EXERCISE OBJECTIVE:
The whole listing that follows, pictures excepted, should be printed again exactly as given.

DATASET EXTRACT:

—————

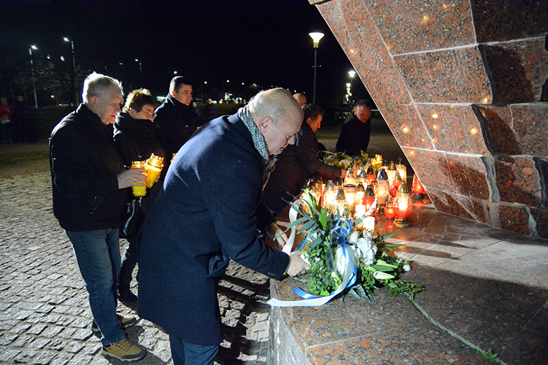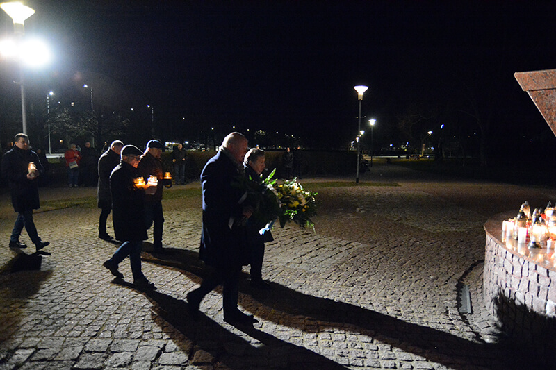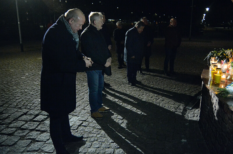 Przedstawiciele Powiatu Polickiego i Gminy Police składają kwiaty pod pomnikiem św. Jana Pawła II w Policach
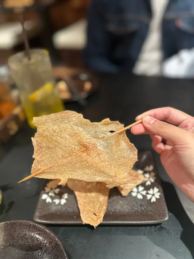 成塊雞皮脆卜卜!好似食薯片咁真係好過癮同我哋喺日本食嘅雞皮完全唔同呀!各有特色配啤酒一流啊👍🏻😋
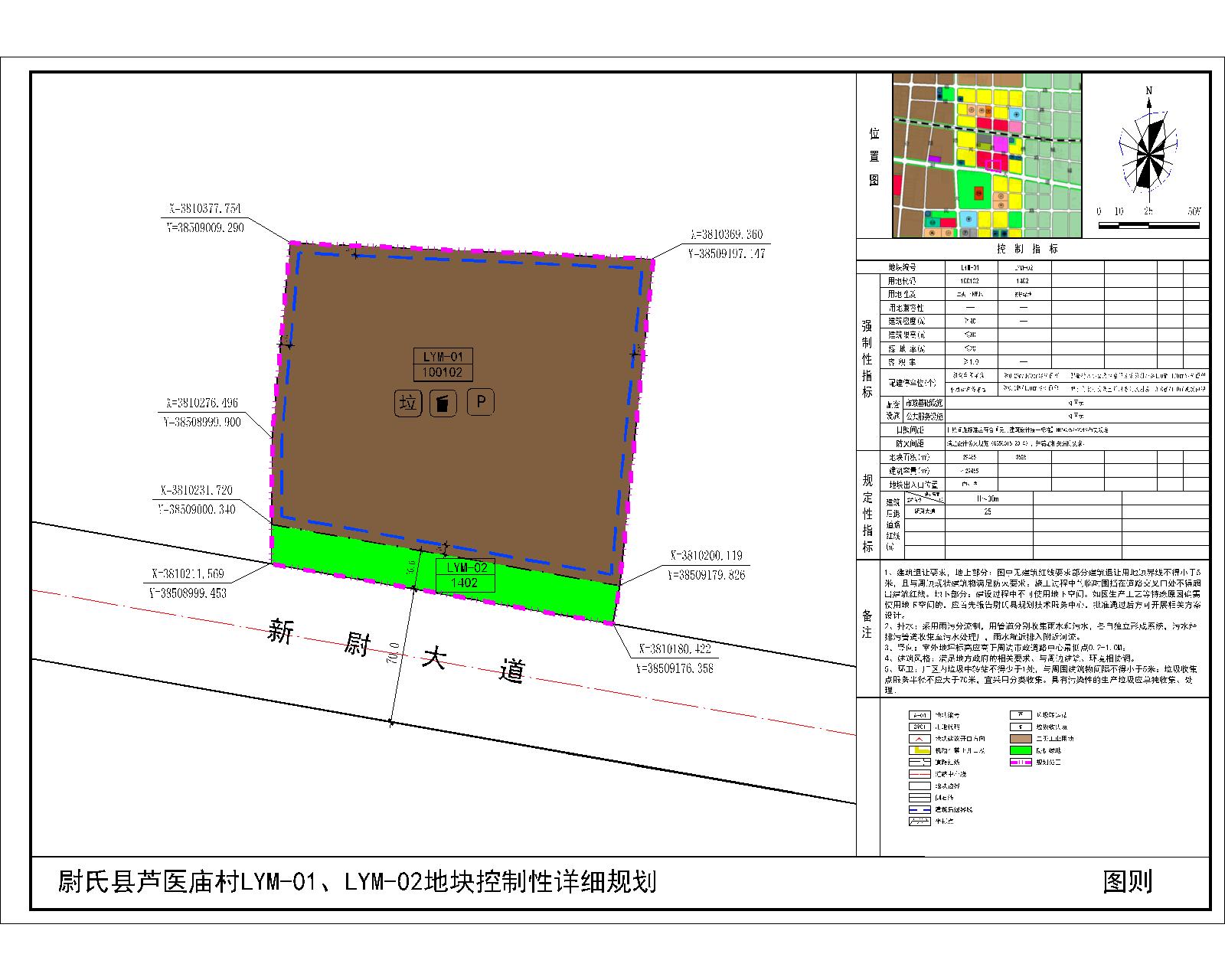 尉氏县芦医庙村LYM-01、LYM-02地块位于尉氏县先进制造业开发区卢医庙村、新尉大道北侧,规划范围内用地性质为二类工业用地、防护绿地。详见附图“尉氏县芦医庙村LYM-01、LYM-02地块控制性详细规划(图则)”。

—————

TASK OUTPUT:
 Przedstawiciele Powiatu Polickiego i Gminy Police składają kwiaty pod pomnikiem św. Jana Pawła II w Policach
 成塊雞皮脆卜卜!好似食薯片咁真係好過癮同我哋喺日本食嘅雞皮完全唔同呀!各有特色配啤酒一流啊👍🏻😋
 尉氏县芦医庙村LYM-01、LYM-02地块位于尉氏县先进制造业开发区卢医庙村、新尉大道北侧,规划范围内用地性质为二类工业用地、防护绿地。详见附图“尉氏县芦医庙村LYM-01、LYM-02地块控制性详细规划(图则)”。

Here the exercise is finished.